Ragnarok Zero: Global startet den ersten offenen Beta-Test für den ersten globalen Ragnarok-PC-Server

20.05.2026

KUALA LUMPUR, Malaysia, 20. Mai 2026 /PRNewswire/ -- GRAVITY GAME UNITE SDN. BHD. freut sich, bekannt zu geben, dass der erste offene Beta-Test (OBT) für  Ragnarok Zero: Global am 20. Mai 2026 offiziell beginnen wird.

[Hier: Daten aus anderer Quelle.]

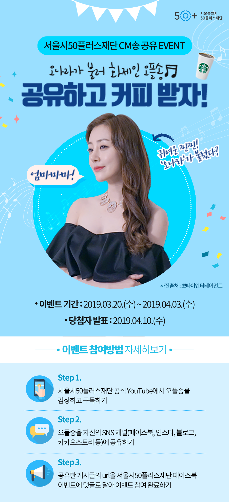 "SKY캐슬"에서 활약한 오나라 씨가 부른 서울시50플러스재단 CM송 '오플송'을 공유해주세요.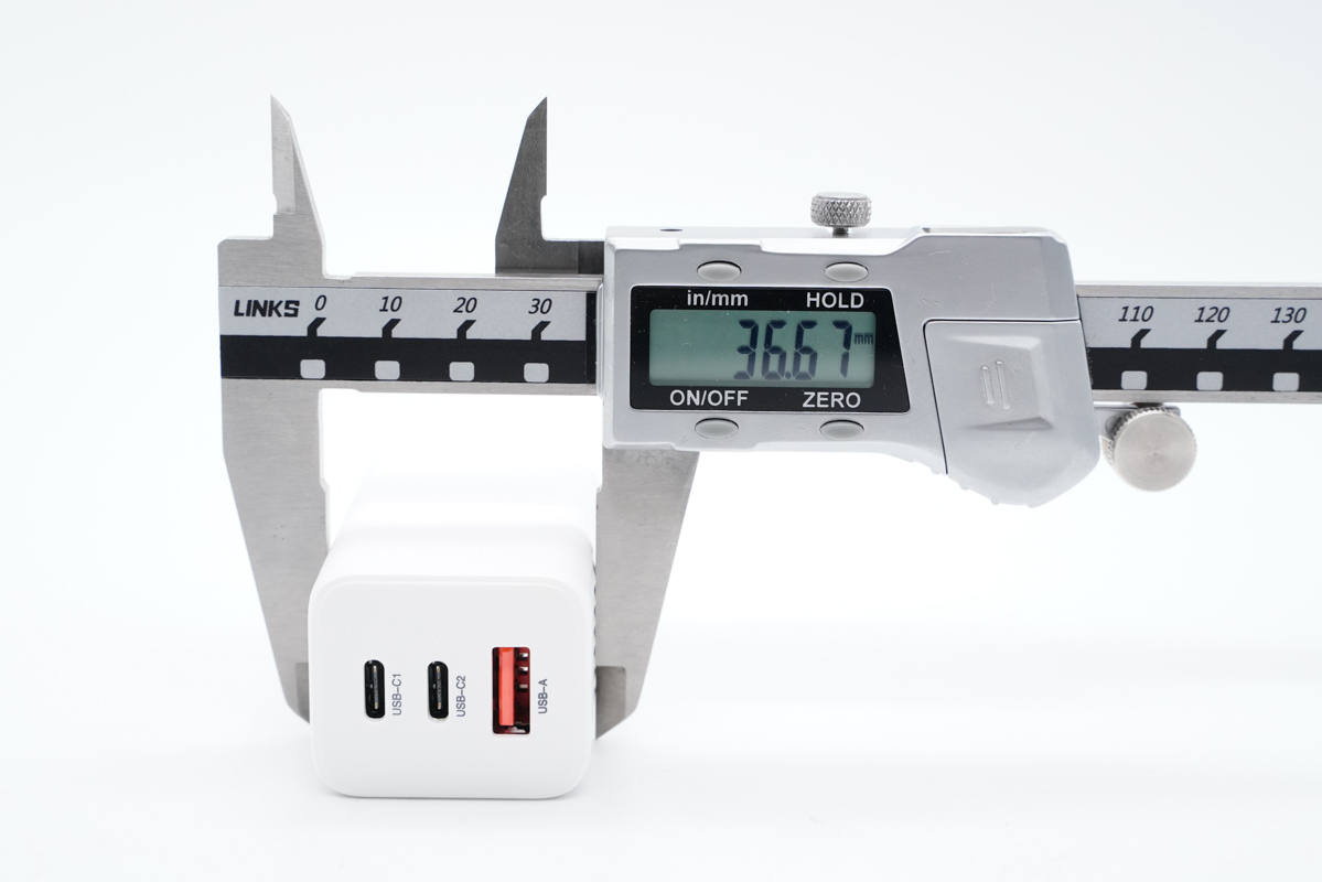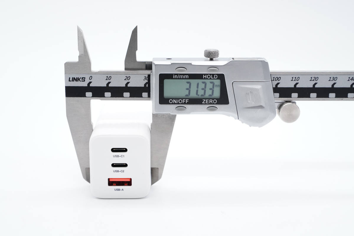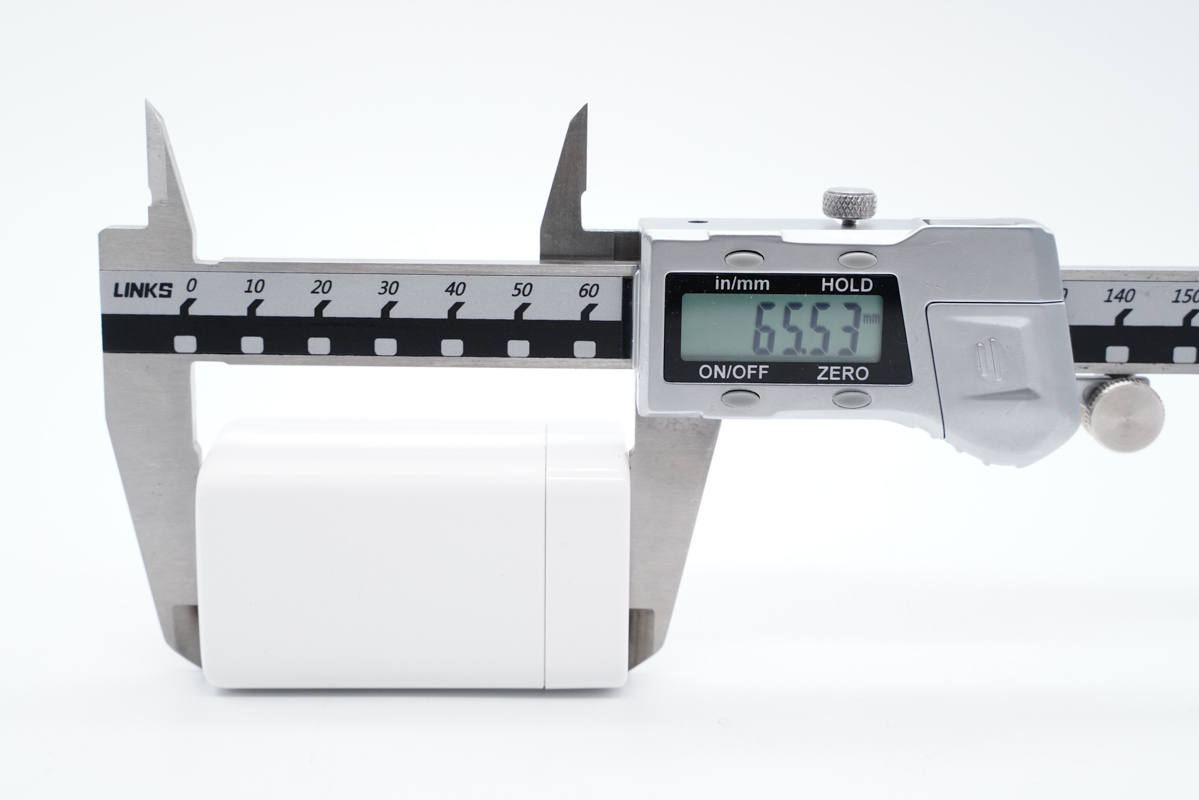 使用游標卡尺實測充電器機身長度為65.53mm。
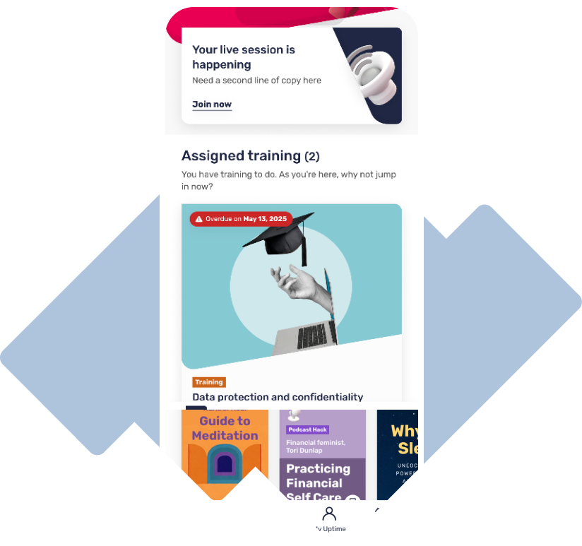 From onboarding and compliance, to wellbeing and continuous development, Uptime automates complex workflows, saving hours for HR and L&D teams whilst keeping learners effortlessly on track.

 Ragnarok Zero: Global OBT Open

Ragnarok Zero: Global ist der erste globale PC-Dienst für die „Ragnarok"-Reihe und vereint Spieler aus Südostasien, Europa und Ozeanien in einer einheitlichen globalen Spielumgebung, in der Abenteurer zum ersten Mal gemeinsam die nostalgische Welt von Midgard erleben können.

Ragnarok Zero: Global ist offiziell von Gravity Co., Ltd. lizenziert und baut auf dem ursprünglichen „Ragnarok-Online"-Erlebnis auf – mit sorgfältig entwickelten Verbesserungen, die das Gameplay modernisieren und gleichzeitig den Geist des klassischen MMORPGs bewahren.

Das Spiel nutzt ein abonnementbasiertes Servicemodell, das darauf abzielt, Pay-to-Win-Elemente zu minimieren und den übermäßigen Monetarisierungsdruck zu verringern, sodass Spieler ein faireres und immersiveres MMORPG-Erlebnis genießen können. Die bevorstehende OBT wird für alle Spieler kostenlos verfügbar sein.

Die OBT bietet allen Spielern weltweit die erste Gelegenheit, die Welt von Midgard in Ragnarok Zero: Global noch vor dem offiziellen Start zu erleben.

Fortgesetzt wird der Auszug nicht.